Retirement village operators should act now to ensure they are ready to implement the new contract and disclosure requirements effective 1 October 2013.
In a move designed to increase transparency in the retirement village industry and to simplify and streamline the contractual arrangements for entry into and exit from retirements villages in NSW, the NSW Government has introduced amendments to the Retirement Villages Regulation 2009, which will govern contracts entered into on and after 1 October 2013.
Three new prescribed documents have been introduced, which will be compulsory to issue to prospective occupiers of retirement villages:
The General Inquiry Document provides a basic explanation about the retirement village, including financial matters such as current recurrent charges, departure fees and details on whether residents share in any capital gains.
The Disclosure Statement must be given to potential residents at least 14 days before entry into a retirement village contract. This document gives a more detailed overview of matters such as the management, services offered, financial matters and dispute resolution arrangements. Importantly, it also highlights the prospective residents' rights to view village documents, such as accounts, budgets and income and expenditure accounts.
If the information in the disclosure statement is materially false or misleading, a resident may, within three months of commencing occupation, apply to the Consumer, Trader and Tenancy Tribunal for an order permitting the resident to rescind the contract.

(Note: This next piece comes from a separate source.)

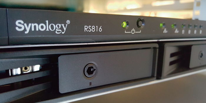 The installation also includes switching for SDI (Blackmagic Design) and ethernet (HP). Shared content storage is on a Synology RS816 NAS, providing capacity for 12TB. The rack also includes a firewall from Sonicwall to protect the installation from online threats, and a long-term compliance recorder to meet the legal requirement to review the past six months of broadcasting on each channel.
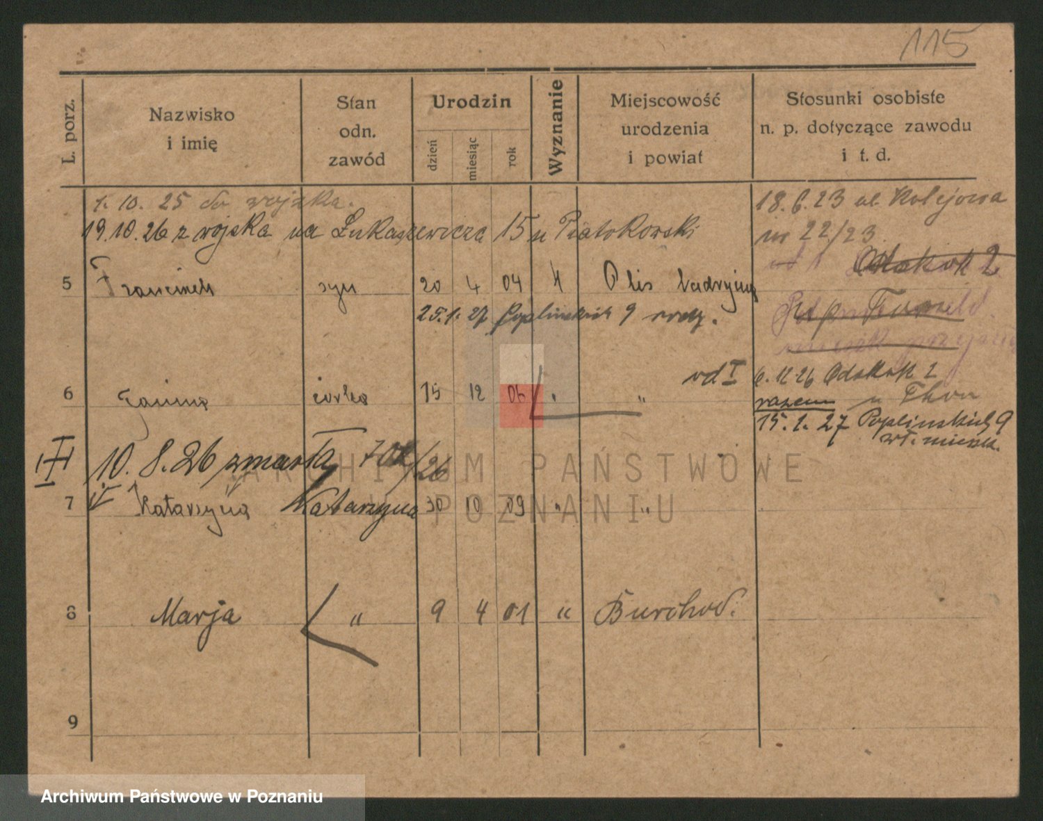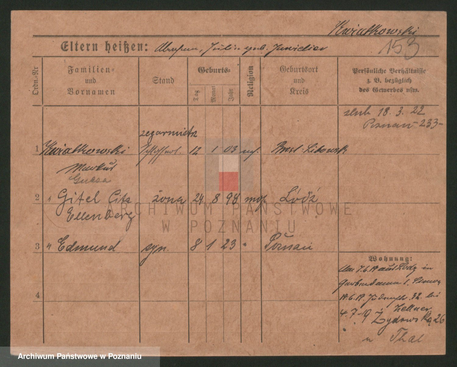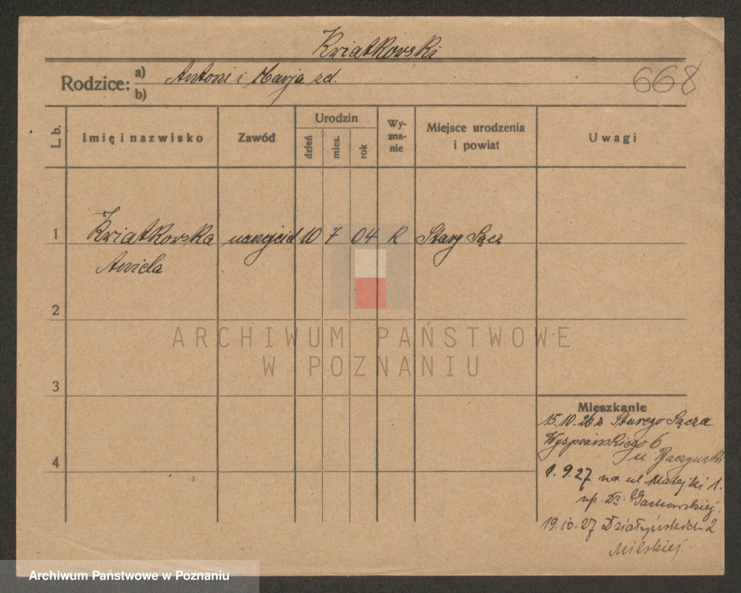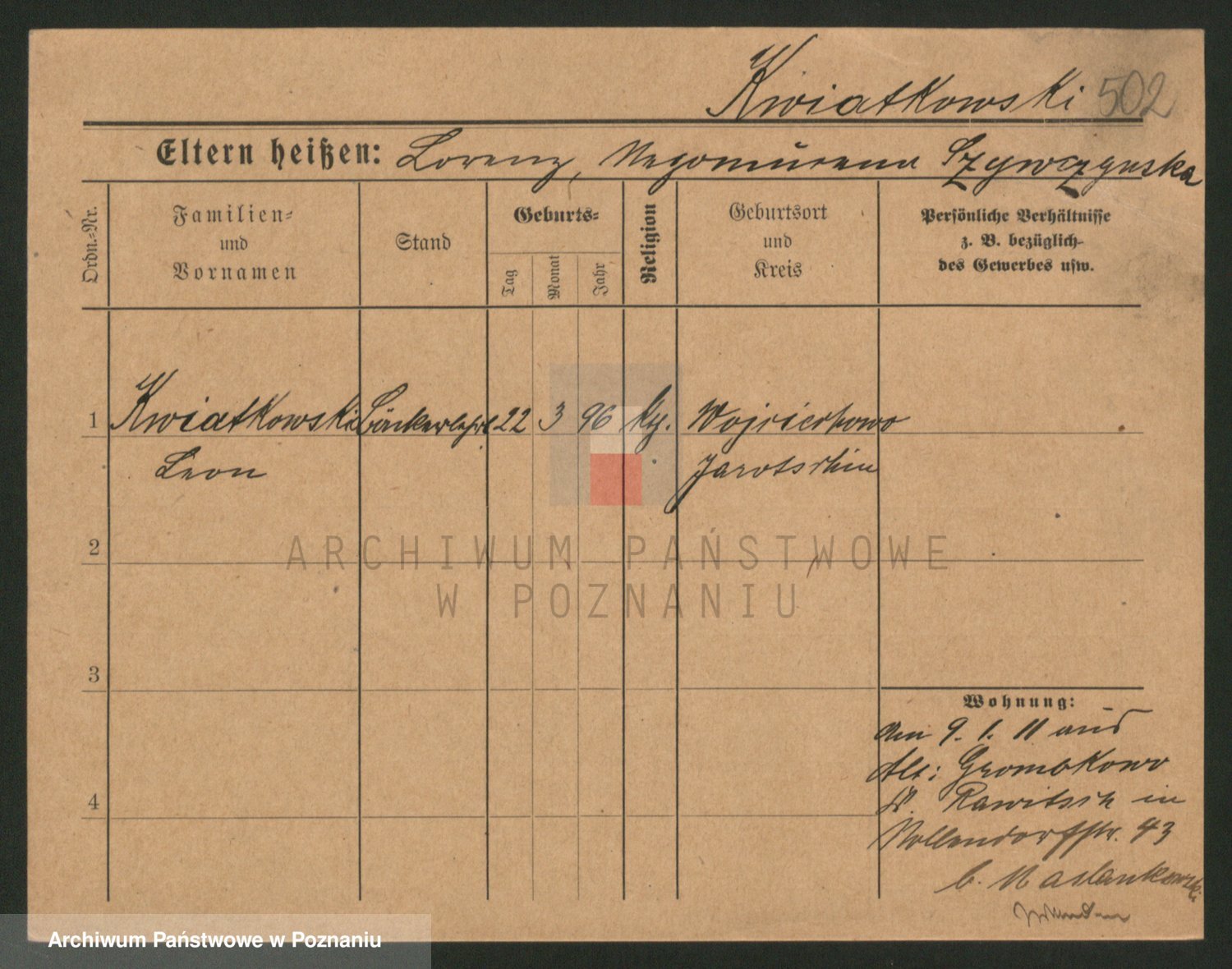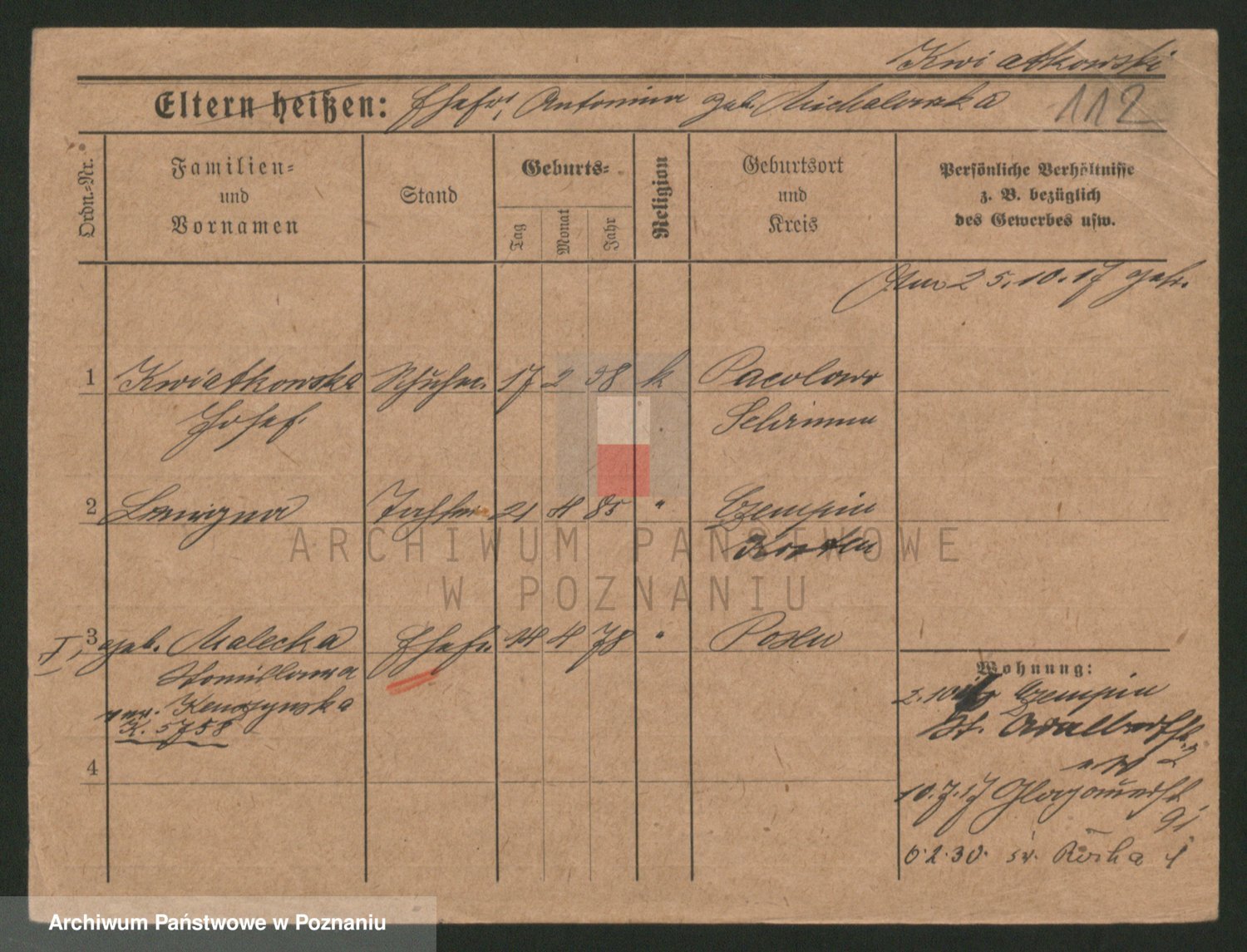 Podgląd karty osobowej dostępny jest po kliknięciu na nazwisko lub ikonkę karty. Można dokonywać powiększenia (ikony na górze) lub przechodzić między kolejnymi skanami (strzałki po bokach).

The Standard Retirement Village Contract has been drafted in plain English so as to allow prospective occupiers to clearly identify their rights and obligations and to compare costs and conditions between retirement villages. There have been five template contracts for the five most common village types developed and these are available from NSW Fair Trading.
Areas of confusion in the past, such as around financial matters including identification of the services included in the recurrent charges paid by residents, charges for optional services, the capital gain or loss structuring, departure fees and the sale of units, have been clarified, as have the operators' and residents' respective responsibilities to undertake repairs and capital replacements.
The purpose of the standard contracts is to make it easier for prospective residents to make comparisons and to reduce complexity for operators, which should deliver greater confidence in the industry.
Retirement village operators may insert additional terms in the retirement village contract, but they must ensure that those terms do not contravene the Retirement Villages Act 1999 and are not inconsistent with a term of the prescribed retirement village contract, which will mean that careful drafting is required.
Penalties may be imposed on operators who enter into a village contract for which the standard form of contract is prescribed knowing that it is not in, or to the effect of, the standard form, and the contract will be void to the extent to which it is not in, or to the effect of, the standard form.
Village operators, which include entities who manage or control the retirement village, should review their suite of contracts to ensure compliance with the new regulatory regime.